TNT hield het niet lang vol: vier afleveringen, gespreid over drie jaar.

LABRIS (1962-1975)

Redacteuren: Marcel van Maele, Max Kazan, Leon van Essche, Hugo Neefs, Luc Vroom.

Labris situeert zichzelf in de labyrintisch maniëristische traditie

 “De welbewuste inschakeling van het gedicht in de labirintische traditie der maniëristen, vernuft-kunstenaars, die een hallucinerende, uiterlijk geheime, getuigenis afleggen van een ars antipoetica met als bronnen: het ongelooflijke, het tegengestelde, het dubbelzinnige, de metafoor, het sofisme, de toespeling.”
 Het programma heeft een zekere tweeslachtigheid die teruggaat op de eeuwige tegenstelling ethisch/esthetisch. Bij Labris wordt dat
Objectiviteitslyriek <=> subjectiviteitslyriek

Leon van Essche: ‘de dichter is ingenieur,alchemist, <=> Marcel van Maele, Max Kazan: de dichter
teruggetrokken in het laboratorium van de taal <=> zit geprangd tussen zichzelf en de realiteit.
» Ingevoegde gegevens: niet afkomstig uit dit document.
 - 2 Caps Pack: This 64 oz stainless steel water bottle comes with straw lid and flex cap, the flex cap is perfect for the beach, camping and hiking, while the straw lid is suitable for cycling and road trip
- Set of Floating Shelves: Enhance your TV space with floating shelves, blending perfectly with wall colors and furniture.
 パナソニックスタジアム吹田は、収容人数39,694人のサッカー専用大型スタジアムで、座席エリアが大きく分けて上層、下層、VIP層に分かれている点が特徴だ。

 Jazz-poëzie: Max Kazan, Hugo Neefs, Ivo Vroom.
 Affiniteiten met de internationale underground o a de Amerikaanse beatgeneration.

Labris zal de retorische slogans over poëzie als experiment, avontuur, alchemie en onderzoek letterlijk toepassen. Het gevestigde literair systeem zal dit van het goede iets teveel vinden en de groep niet omarmen.
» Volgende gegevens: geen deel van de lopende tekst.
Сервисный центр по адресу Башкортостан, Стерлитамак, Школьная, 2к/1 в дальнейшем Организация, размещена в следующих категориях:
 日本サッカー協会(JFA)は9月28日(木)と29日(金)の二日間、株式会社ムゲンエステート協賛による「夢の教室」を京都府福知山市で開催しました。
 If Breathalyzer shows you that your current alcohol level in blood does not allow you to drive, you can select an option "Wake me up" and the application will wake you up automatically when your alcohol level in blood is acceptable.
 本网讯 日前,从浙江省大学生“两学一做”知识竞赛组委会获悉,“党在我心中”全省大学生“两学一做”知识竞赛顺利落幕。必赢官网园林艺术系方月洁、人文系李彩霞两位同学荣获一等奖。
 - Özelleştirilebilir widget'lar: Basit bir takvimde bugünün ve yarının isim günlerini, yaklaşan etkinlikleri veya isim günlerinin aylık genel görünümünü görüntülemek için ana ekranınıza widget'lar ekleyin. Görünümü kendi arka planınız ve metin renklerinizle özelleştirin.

1965: Het experiment als allesomvattende dynamische beweging is op sterven na dood.

Na Labris werd er geen nieuw tijdschrift van enige envergure met een experimenteel poëzieprogramma meer opgericht.
Na 1963 ligt het accent op de vernieuwing van het proza en de literaire kritiek: Diagram (1963-1964); Bok (963-64); Heibel (1965-1984); Komma (1965-1969); Mep (965-1968);

1963: Oprichting van het tijdschrift Yang (Rijksnormaalschool Gent – Roger Serras)

Het experiment, het hermetische, het maniërisme wordt verlaten. Poëzie moet meer aansluiten bij de realiteit. Prille aanzetten van het Nieuw realisme.
Het literair gewicht verschuift van Antwerpen naar Gent. Studenten zijn nu aan zet en nemen het initiatief over.